▶ TASK BRIEF: Output exactly, in the material below, the lines from the one with "Acoustic emission signals and" through the one with "Сделайте соединения в". Omit all pictures.

▶ PROVIDED INFORMATION:
· · ·
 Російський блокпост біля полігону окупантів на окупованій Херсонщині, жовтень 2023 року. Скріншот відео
· · ·
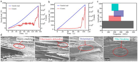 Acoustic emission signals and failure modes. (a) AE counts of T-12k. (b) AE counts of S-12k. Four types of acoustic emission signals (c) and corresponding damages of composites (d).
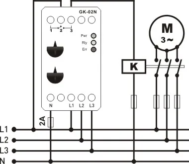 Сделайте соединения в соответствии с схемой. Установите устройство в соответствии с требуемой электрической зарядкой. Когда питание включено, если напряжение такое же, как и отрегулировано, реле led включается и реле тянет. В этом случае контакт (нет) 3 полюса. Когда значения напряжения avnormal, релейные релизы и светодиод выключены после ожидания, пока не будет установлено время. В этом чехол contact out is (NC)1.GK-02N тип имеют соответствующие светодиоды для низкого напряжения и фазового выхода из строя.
· · ·
▶ TASK SOLUTION:
 Acoustic emission signals and failure modes. (a) AE counts of T-12k. (b) AE counts of S-12k. Four types of acoustic emission signals (c) and corresponding damages of composites (d).
 Сделайте соединения в соответствии с схемой. Установите устройство в соответствии с требуемой электрической зарядкой. Когда питание включено, если напряжение такое же, как и отрегулировано, реле led включается и реле тянет. В этом случае контакт (нет) 3 полюса. Когда значения напряжения avnormal, релейные релизы и светодиод выключены после ожидания, пока не будет установлено время. В этом чехол contact out is (NC)1.GK-02N тип имеют соответствующие светодиоды для низкого напряжения и фазового выхода из строя.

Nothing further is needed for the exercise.